Below are some records. Output the lines from the first one through the line that holds "Letter Graphic Asymmetrical", exactly as written, with no pictures.

[Excerpts from a dataset]
================

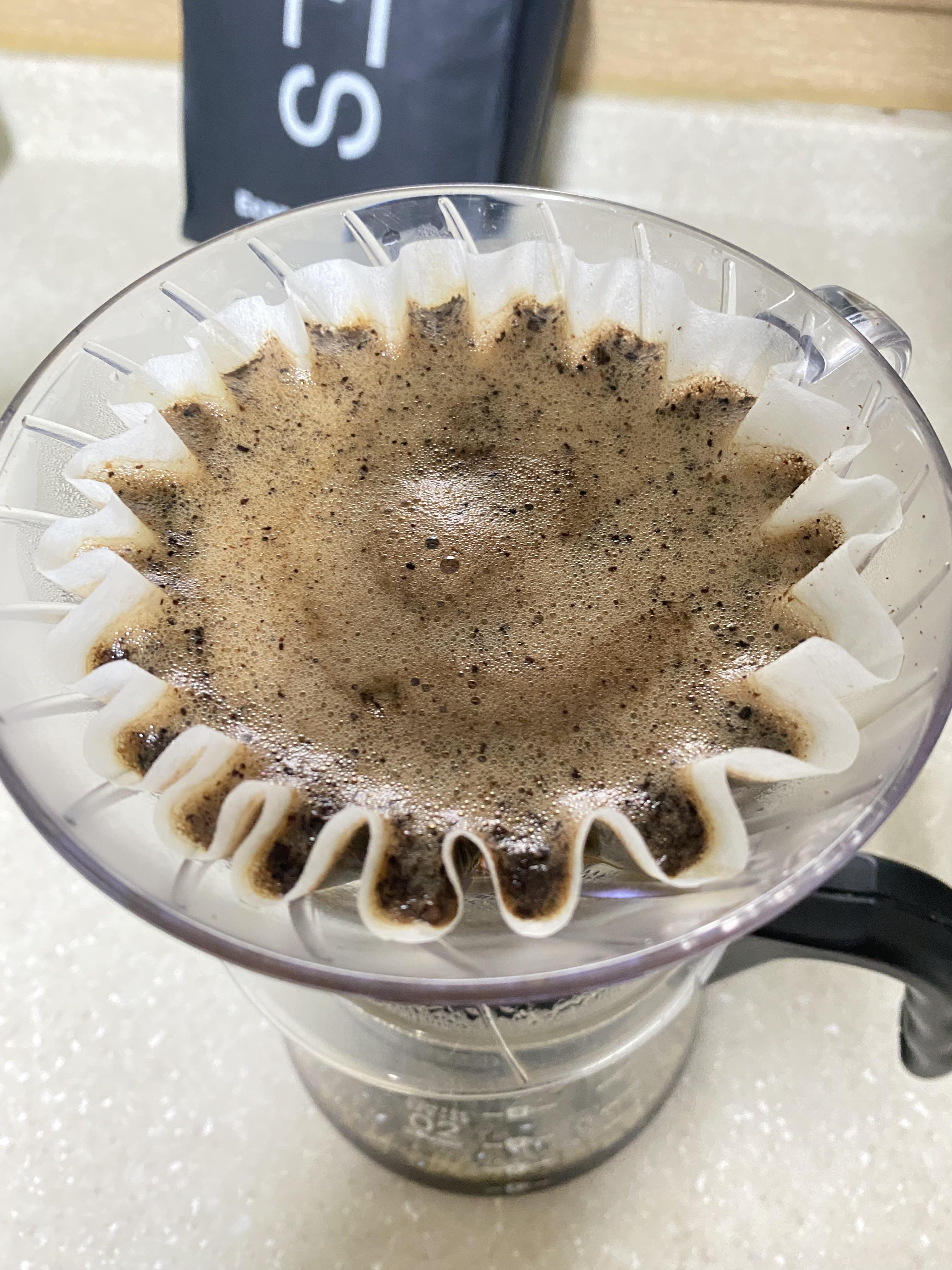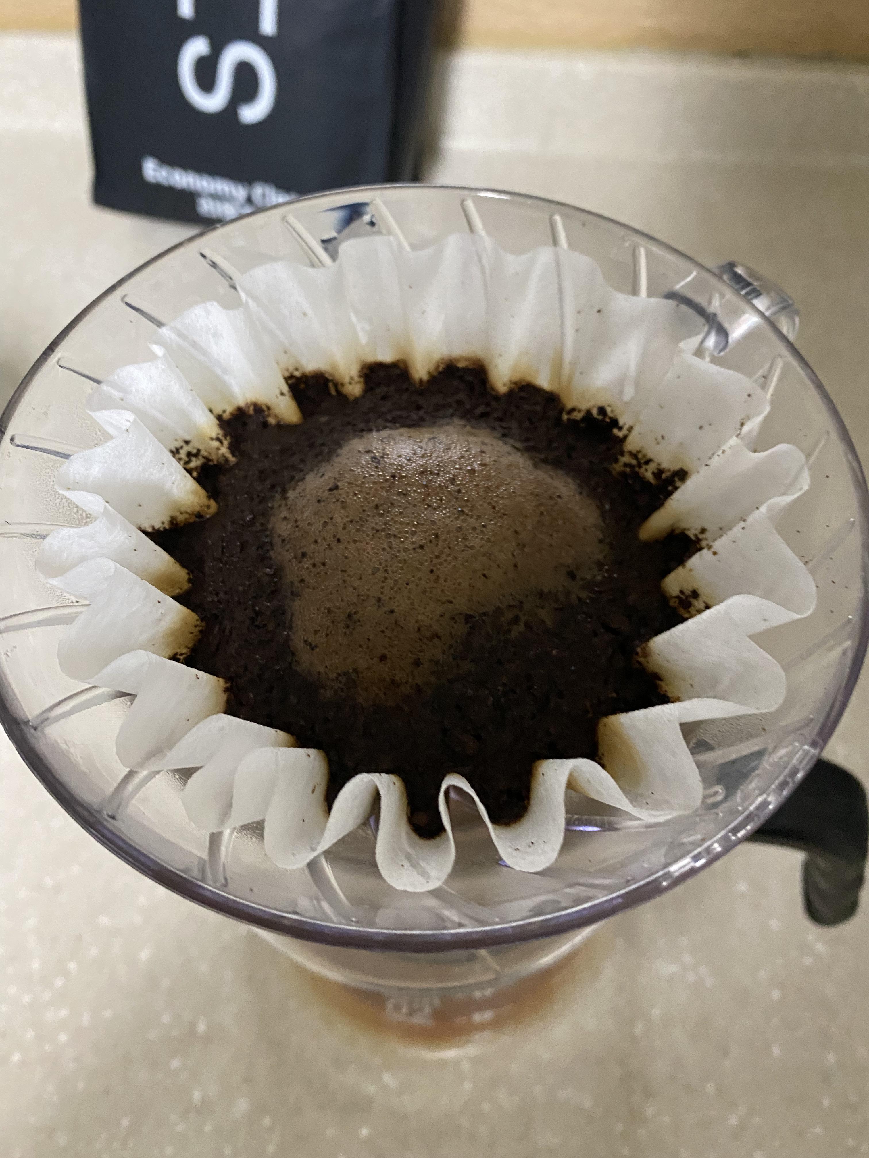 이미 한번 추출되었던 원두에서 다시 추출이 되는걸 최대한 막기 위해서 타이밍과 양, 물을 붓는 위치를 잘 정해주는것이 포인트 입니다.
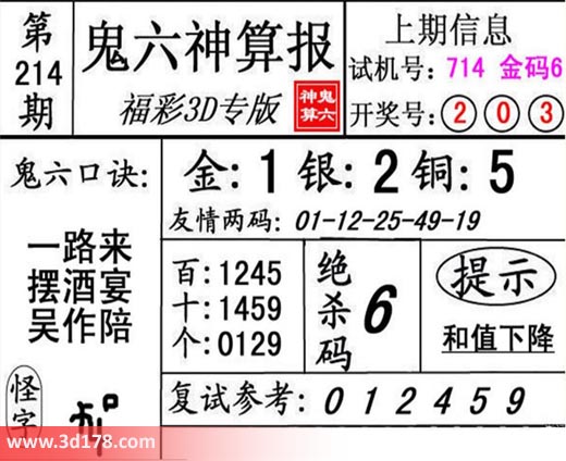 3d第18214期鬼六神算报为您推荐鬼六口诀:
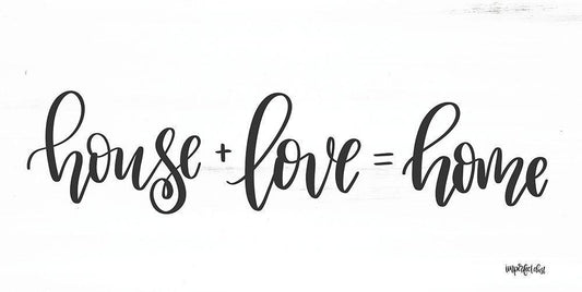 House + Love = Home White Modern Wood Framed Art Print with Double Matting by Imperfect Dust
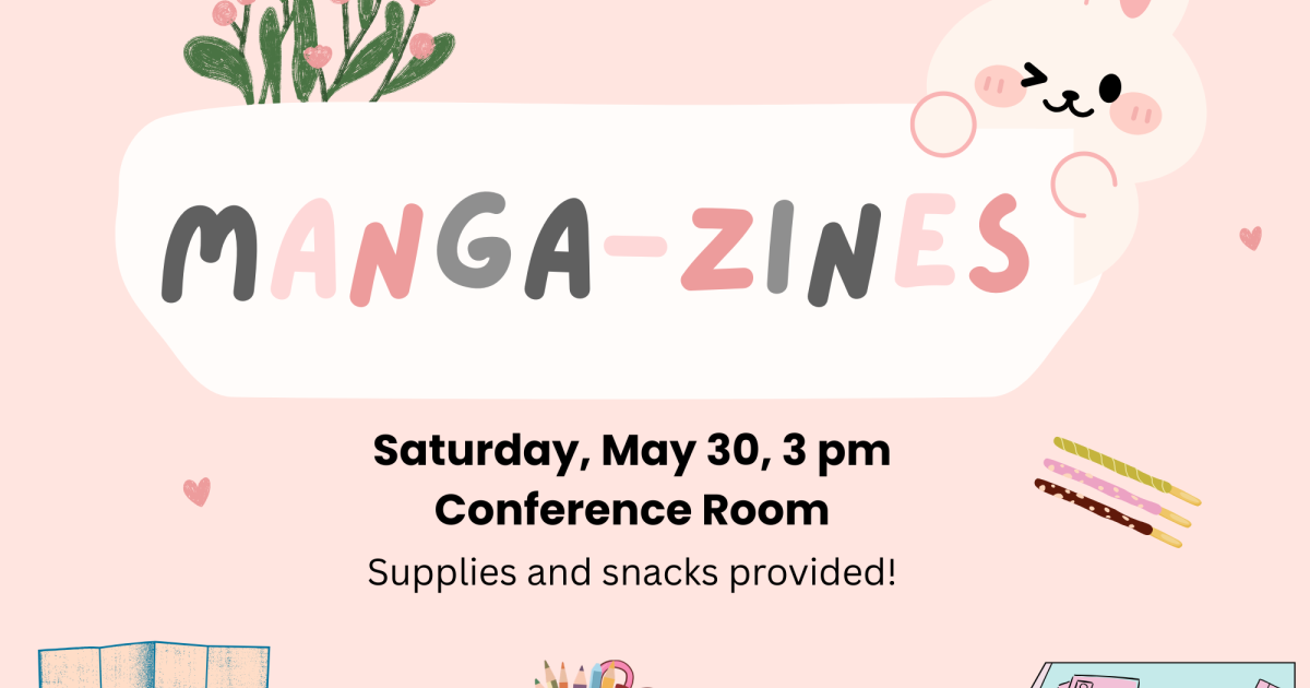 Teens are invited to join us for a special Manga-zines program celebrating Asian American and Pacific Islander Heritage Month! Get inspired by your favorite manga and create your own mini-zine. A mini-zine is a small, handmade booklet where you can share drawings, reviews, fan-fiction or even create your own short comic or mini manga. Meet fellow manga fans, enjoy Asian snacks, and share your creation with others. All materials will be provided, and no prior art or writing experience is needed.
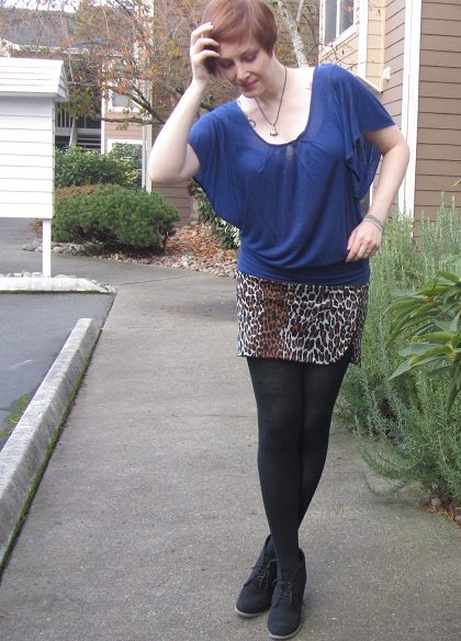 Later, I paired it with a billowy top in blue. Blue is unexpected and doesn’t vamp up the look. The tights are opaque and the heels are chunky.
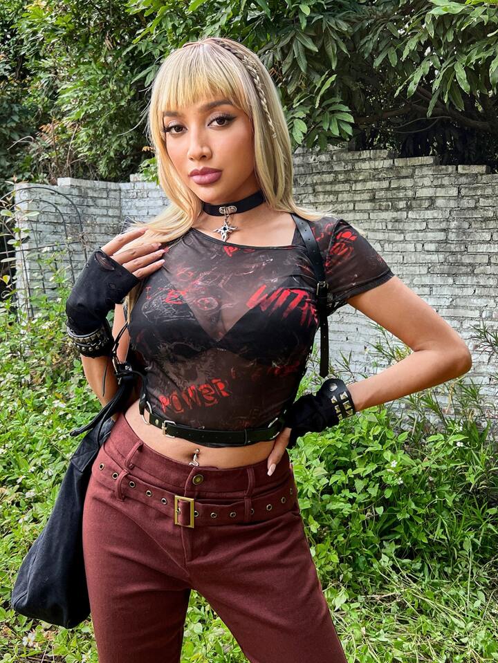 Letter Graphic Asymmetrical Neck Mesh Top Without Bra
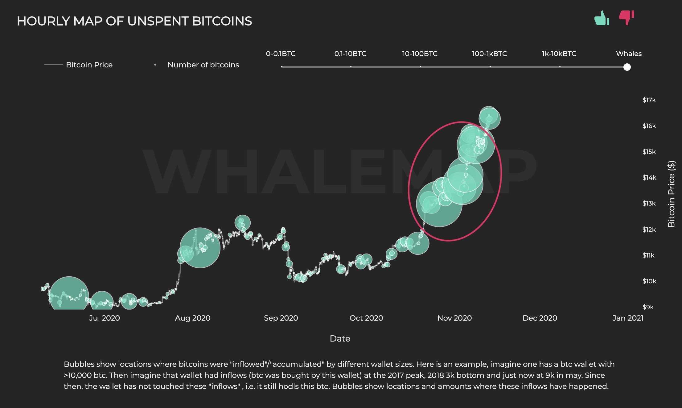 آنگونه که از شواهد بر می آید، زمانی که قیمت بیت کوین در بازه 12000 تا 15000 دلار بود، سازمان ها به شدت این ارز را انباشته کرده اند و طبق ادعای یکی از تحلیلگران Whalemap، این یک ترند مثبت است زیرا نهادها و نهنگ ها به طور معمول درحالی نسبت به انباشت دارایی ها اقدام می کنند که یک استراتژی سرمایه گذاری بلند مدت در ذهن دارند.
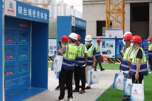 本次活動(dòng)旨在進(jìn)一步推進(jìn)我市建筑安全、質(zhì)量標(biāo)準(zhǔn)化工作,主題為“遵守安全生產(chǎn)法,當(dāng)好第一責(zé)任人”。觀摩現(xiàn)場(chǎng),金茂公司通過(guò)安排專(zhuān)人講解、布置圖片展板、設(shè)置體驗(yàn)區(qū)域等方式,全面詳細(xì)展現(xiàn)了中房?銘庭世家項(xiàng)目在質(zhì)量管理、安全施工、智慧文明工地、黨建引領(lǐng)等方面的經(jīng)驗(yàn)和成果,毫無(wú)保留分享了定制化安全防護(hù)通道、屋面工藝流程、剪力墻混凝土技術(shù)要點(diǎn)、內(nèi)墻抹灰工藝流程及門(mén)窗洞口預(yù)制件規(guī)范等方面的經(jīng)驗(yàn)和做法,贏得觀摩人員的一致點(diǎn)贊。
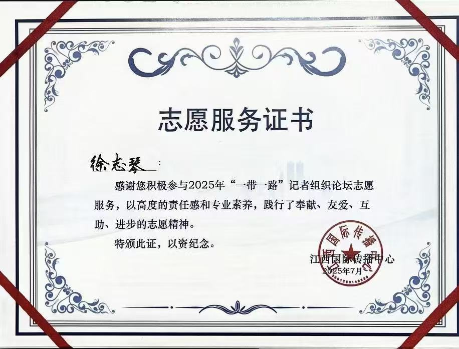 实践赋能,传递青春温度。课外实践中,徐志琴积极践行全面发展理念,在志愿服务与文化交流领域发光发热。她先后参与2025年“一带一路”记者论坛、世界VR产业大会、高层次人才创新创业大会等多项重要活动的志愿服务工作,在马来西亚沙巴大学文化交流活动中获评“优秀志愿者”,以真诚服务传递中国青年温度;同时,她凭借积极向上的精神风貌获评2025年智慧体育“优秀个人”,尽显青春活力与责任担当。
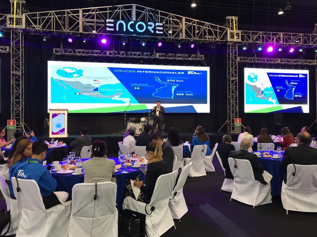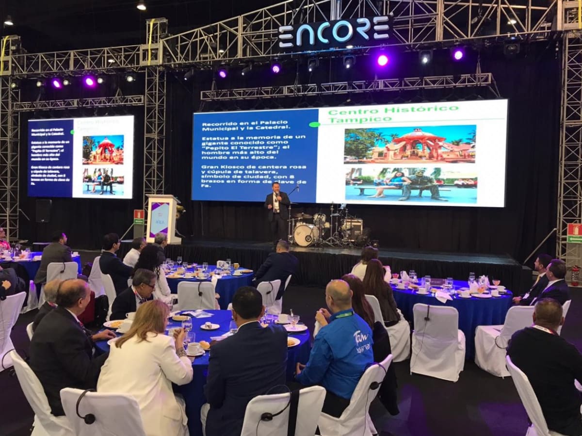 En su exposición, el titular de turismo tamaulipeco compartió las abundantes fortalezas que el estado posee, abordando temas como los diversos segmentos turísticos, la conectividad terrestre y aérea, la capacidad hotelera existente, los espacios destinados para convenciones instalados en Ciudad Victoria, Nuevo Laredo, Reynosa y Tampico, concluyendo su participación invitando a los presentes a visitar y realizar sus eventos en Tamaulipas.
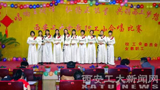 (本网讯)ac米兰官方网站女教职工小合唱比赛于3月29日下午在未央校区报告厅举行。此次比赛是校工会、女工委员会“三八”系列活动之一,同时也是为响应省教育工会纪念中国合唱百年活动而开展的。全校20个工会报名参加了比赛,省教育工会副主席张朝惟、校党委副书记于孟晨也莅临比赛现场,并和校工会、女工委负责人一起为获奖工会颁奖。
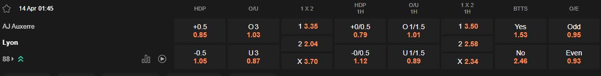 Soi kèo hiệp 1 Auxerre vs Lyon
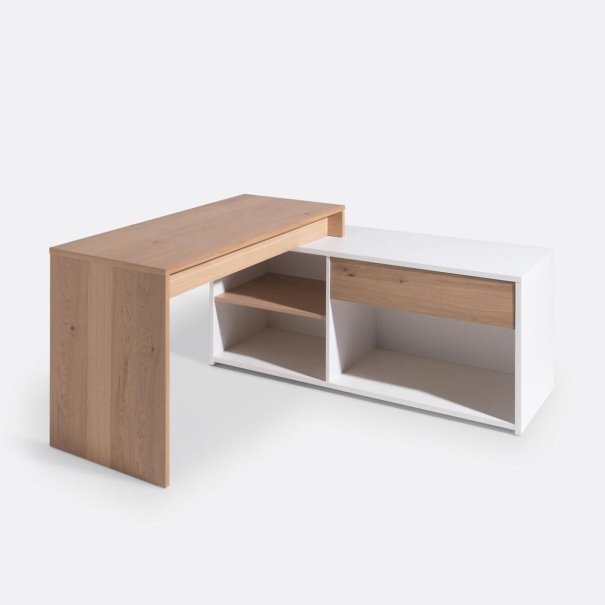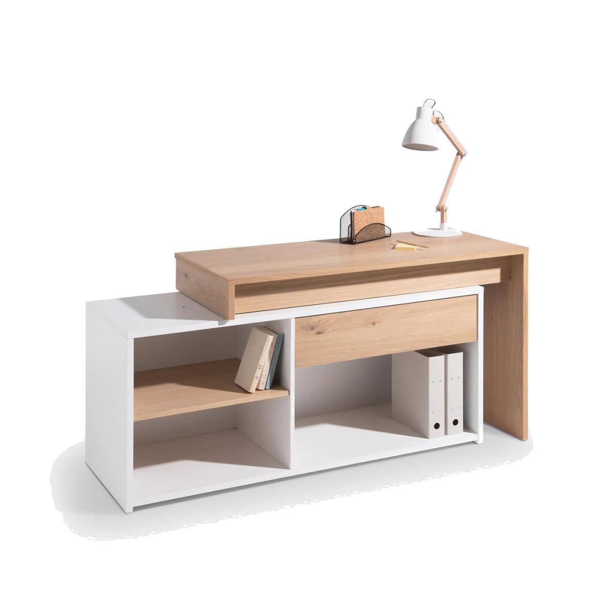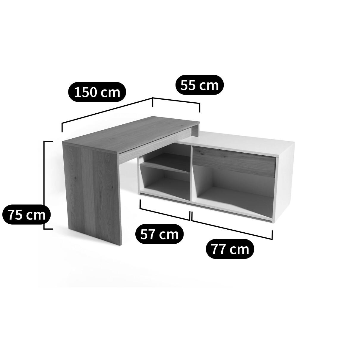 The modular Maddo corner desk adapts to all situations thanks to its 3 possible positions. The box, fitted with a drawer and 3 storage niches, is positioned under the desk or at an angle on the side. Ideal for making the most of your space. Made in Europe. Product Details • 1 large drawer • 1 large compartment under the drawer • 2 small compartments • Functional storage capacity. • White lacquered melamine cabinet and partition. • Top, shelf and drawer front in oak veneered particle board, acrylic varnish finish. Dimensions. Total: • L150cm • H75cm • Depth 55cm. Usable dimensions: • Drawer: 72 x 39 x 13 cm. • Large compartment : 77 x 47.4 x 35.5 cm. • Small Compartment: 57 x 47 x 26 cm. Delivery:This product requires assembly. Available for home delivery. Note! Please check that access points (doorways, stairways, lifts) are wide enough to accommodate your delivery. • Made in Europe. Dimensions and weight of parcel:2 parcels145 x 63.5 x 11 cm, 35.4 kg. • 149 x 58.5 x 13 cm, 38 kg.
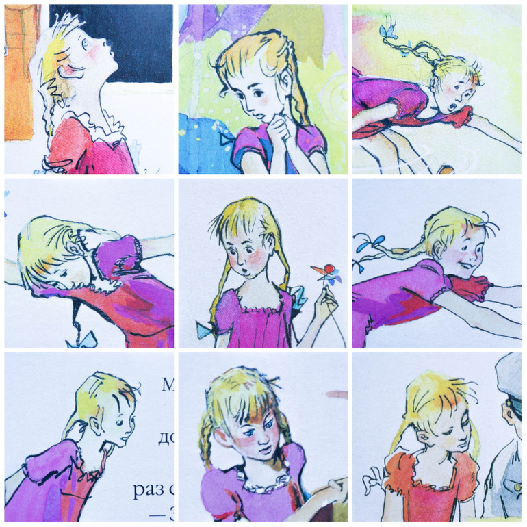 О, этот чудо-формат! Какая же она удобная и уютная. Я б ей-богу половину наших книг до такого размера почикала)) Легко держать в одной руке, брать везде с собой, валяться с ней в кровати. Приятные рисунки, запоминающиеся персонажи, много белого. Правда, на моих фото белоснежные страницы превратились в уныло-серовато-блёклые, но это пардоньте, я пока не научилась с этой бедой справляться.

================

Result for this exercise:
 이미 한번 추출되었던 원두에서 다시 추출이 되는걸 최대한 막기 위해서 타이밍과 양, 물을 붓는 위치를 잘 정해주는것이 포인트 입니다.
 3d第18214期鬼六神算报为您推荐鬼六口诀:
 House + Love = Home White Modern Wood Framed Art Print with Double Matting by Imperfect Dust
 Teens are invited to join us for a special Manga-zines program celebrating Asian American and Pacific Islander Heritage Month! Get inspired by your favorite manga and create your own mini-zine. A mini-zine is a small, handmade booklet where you can share drawings, reviews, fan-fiction or even create your own short comic or mini manga. Meet fellow manga fans, enjoy Asian snacks, and share your creation with others. All materials will be provided, and no prior art or writing experience is needed.
 Later, I paired it with a billowy top in blue. Blue is unexpected and doesn’t vamp up the look. The tights are opaque and the heels are chunky.
 Letter Graphic Asymmetrical Neck Mesh Top Without Bra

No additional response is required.